# Elk and Venison Smokin for the first time



## Noah (Jun 21, 2019)

Good morning all.

I am going to be making some summer sausage, breakfast sausage, hot dogs, snack sticks and am planning on just buying a company's pre-packaged spices from Waltons.

Typically my father and I would just take our meat to a processor and have them do it however now that I have all the equipment I would like to do it. The one thing I am worried about is the salt...

This is what I am thinking of doing...
Summer Sausage:
*H Summer Sausage spice (with and without Jalapeno and Cheddar)
*Tons Summer Unit ((with and without Jalapeno and Cheddar)

Breakfast Sausage:
*Maple Flavored Pork

Hot Dogs:
*Apple Bratwurst
*Cranberry flavored
or
*H Summer sausage or Tons Summer Unit with some cheddar???

Snack Sticks:
Gigawatt Hot or jalapeno cheddar
and or just cheddar

What are your thoughts on flavors. I am just really worried about the salt content not a big salt person…
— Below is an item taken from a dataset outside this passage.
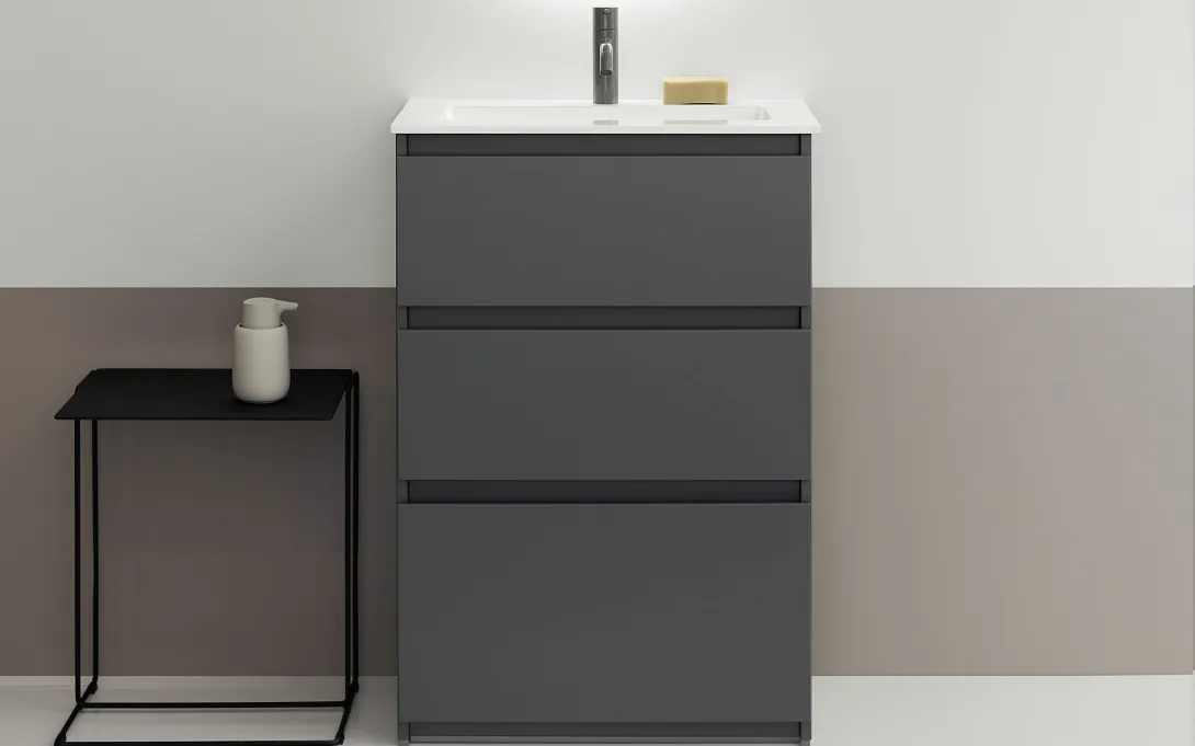 Sämtliche Waschtischunterschränke (erhältlich in 600, 800, 1000, 1200, 1400 und 1600 mm Breite) und Anbauschränke (in 400 und 600 mm Breite) kommen ohne Türen aus. Sie besitzen zwei (wandhängend) bis drei Auszüge (bodenstehend) in asymmetrischer Aufteilung. Beide Schranktypen haben einheitliche Tiefenmaße (357, 407 und 487 mm Tiefe). Die Waschtischunterschränke in Standardtiefe (487 mm) können zudem mit Aufsatzwaschtischen der sys30-Linie kombiniert werden.

Thank you for your help!!!


----------



## chef jimmyj (May 31, 2021)

I think your post is in the wrong thread. Nothing here about Brisket...JJ


----------



## indaswamp (Jun 13, 2021)

It's spam chef jj...


----------



## SmokinEdge (Jun 13, 2021)

indaswamp said:


> It's spam chef jj...


Smoke that spam!


----------